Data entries
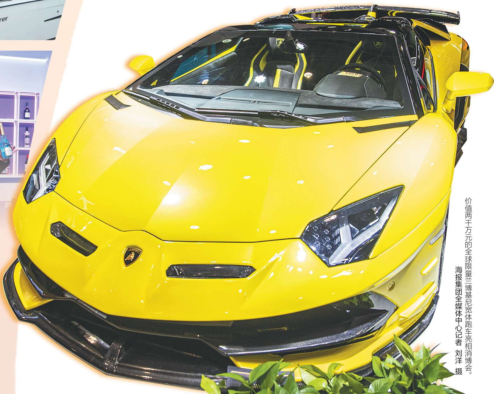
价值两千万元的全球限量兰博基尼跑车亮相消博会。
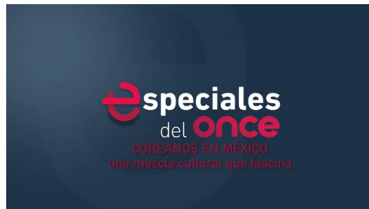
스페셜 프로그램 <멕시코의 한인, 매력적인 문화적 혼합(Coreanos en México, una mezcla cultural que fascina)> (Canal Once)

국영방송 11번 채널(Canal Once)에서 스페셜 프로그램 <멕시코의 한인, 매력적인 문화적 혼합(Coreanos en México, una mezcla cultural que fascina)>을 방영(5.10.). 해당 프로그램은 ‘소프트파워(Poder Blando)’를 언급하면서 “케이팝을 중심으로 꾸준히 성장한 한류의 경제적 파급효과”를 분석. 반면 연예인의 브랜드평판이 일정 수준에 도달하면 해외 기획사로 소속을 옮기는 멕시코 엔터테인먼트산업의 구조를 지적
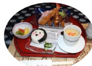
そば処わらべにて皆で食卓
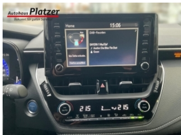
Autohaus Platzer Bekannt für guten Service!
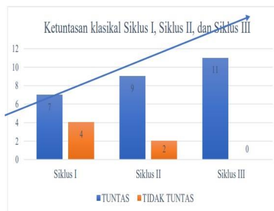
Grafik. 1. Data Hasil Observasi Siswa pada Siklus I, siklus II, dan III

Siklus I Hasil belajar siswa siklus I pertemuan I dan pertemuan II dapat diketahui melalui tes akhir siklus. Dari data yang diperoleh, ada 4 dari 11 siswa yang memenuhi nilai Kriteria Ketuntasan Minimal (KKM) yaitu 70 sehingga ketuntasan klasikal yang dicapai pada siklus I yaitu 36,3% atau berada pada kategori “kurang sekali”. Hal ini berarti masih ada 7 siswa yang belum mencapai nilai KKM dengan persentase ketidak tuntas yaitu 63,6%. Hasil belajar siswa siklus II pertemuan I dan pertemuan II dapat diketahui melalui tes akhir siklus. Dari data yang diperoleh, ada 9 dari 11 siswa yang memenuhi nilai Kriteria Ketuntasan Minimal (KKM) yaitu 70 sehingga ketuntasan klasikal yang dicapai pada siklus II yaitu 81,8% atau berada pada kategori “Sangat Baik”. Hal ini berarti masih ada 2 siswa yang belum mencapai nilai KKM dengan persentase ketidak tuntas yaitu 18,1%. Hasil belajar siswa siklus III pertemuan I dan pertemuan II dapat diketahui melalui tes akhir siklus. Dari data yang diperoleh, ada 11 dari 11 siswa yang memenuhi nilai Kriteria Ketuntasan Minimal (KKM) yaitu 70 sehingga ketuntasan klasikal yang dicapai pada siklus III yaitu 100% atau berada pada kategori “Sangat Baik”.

---

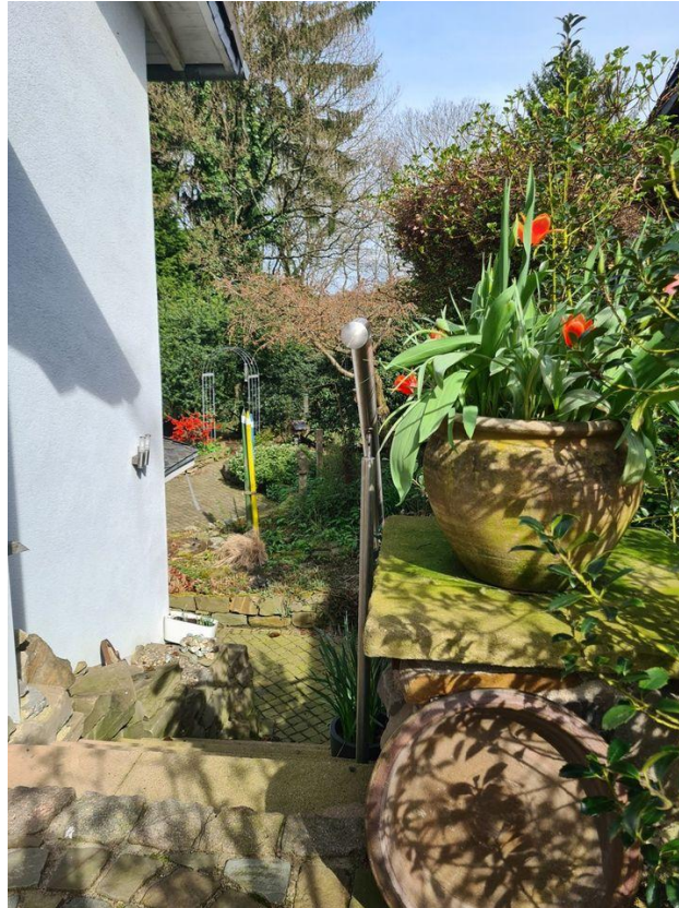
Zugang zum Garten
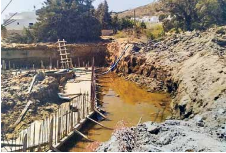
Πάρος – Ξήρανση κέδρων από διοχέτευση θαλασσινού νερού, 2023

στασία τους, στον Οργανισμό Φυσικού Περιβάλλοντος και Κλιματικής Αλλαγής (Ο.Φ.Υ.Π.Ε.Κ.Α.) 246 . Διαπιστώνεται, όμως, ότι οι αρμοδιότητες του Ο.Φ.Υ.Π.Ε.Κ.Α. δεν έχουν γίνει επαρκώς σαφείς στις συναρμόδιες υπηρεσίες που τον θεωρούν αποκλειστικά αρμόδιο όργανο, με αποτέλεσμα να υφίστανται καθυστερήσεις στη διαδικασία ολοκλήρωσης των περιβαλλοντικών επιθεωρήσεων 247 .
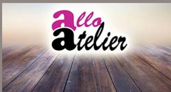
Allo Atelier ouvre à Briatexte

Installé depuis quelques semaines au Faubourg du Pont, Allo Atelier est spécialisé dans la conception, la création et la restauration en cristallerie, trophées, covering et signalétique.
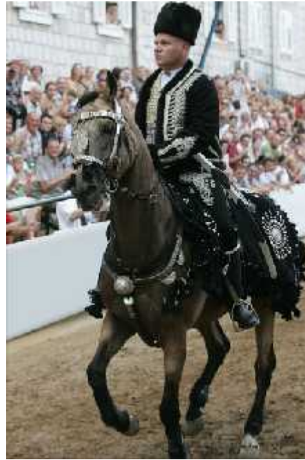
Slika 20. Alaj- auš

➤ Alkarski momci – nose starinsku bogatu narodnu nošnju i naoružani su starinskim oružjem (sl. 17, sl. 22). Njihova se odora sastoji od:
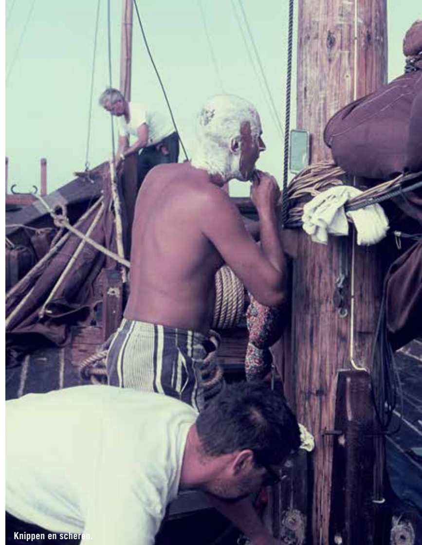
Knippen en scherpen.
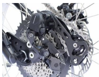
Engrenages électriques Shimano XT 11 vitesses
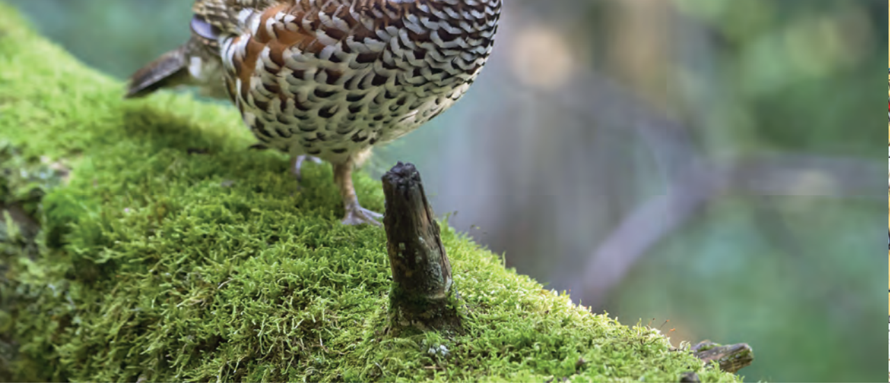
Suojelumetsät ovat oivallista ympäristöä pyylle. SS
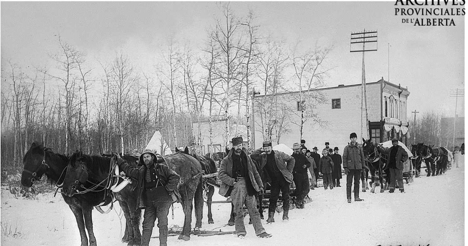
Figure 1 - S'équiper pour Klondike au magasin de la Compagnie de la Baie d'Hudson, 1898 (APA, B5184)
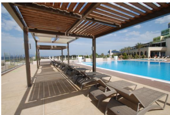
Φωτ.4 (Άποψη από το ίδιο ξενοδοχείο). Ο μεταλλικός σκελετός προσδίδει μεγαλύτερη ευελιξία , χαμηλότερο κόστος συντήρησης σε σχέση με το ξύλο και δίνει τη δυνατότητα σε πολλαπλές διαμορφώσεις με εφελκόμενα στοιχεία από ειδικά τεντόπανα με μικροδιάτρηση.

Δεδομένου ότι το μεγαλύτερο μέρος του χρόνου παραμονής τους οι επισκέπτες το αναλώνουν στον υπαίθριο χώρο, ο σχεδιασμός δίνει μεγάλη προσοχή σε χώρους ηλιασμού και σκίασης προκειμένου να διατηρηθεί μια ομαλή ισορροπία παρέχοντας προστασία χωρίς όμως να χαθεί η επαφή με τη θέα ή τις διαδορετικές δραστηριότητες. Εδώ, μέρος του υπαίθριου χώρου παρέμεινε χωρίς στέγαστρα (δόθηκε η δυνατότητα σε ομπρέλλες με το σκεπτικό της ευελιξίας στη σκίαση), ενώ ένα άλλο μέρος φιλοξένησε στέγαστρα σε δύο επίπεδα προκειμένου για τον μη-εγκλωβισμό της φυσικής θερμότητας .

* What you need to do *
Look above for the line with "Suojelumetsät ovat oivallista" and the line with "Figure 1 - S'équiper", then copy exactly the lines from the first through the second, both kept, with no pictures.

* Exercise response *
Suojelumetsät ovat oivallista ympäristöä pyylle. SS
Figure 1 - S'équiper pour Klondike au magasin de la Compagnie de la Baie d'Hudson, 1898 (APA, B5184)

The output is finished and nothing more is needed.